I lost my beautiful Arabian Mare "Miss" on June 15, 2010. My heart is broken. She was a beautiful healthy horse and we found her dead in the pasture. I miss her so much. This is to you My beautiful Miss. 
My heart still aches in sadness, 
and secret tears still flow
What if meant to lose you
No one will ever know
I love you Miss, please come back to me


----------



## BecArabian (Dec 15, 2010)

that is soo sad


----------



## wildhorsesgone (Jan 13, 2011)

*Farewell Sweet Miss*

*I am sorry that your friend Miss has died* and you are feeling so much heartache but I know that must mean that Miss had a great life with you. How old was Miss? Does anyone have any idea what happened to make a seemingly healthy horse suddenly die? 

I understand the shock and overwhelming grief you must feel to suddenly lose a horse that you loved so much.

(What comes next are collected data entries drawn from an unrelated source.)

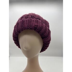 Chunky Knit Dark Purple Beanie Hat Acrylic Winter Boho Skiing Outdoors X-Small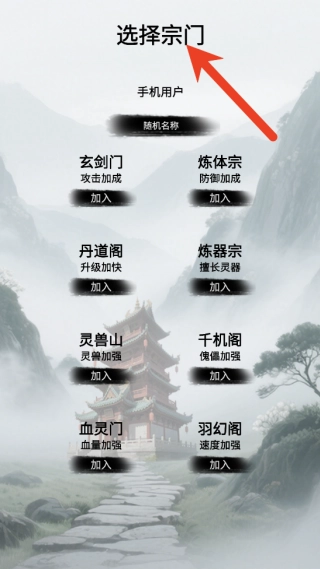 1、玩家需要创建自己的角色并选择宗门,随后进入游戏世界,在一处灵脉福地上出现宗门的根基,迈出修仙经营的第一步。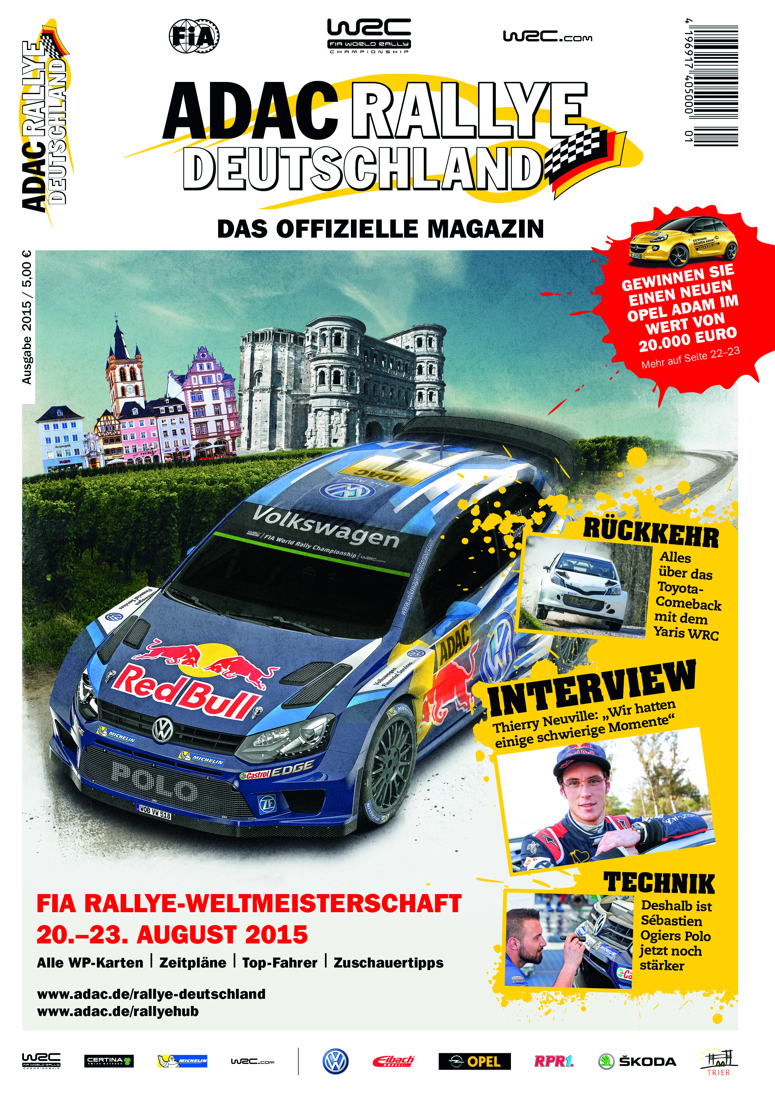 On 84 pages, the magazine highlights the WRC stars and the challenges they will face during the four days of rallying in Germany. In addition to an interview with last year’s winner, Thierry Neuville, the magazine also features interesting background information on the technology of World Champion Sébastien Ogier’s Volkswagen Polo R WRC as well as an article about Toyota’s debut at the WRC.

I recently lost three at once and it feels as though my heart has been torn out. Check out bigbull/please send under Horse Memorials and *post a photo of Miss*. 

Someday, maybe you will get another horse to love and give a good home to. Maybe you can rescue a horse as a tribute to Miss, but please don’t give up on horses because you are so sad. There are so many horses that need a good person to care for them.


----------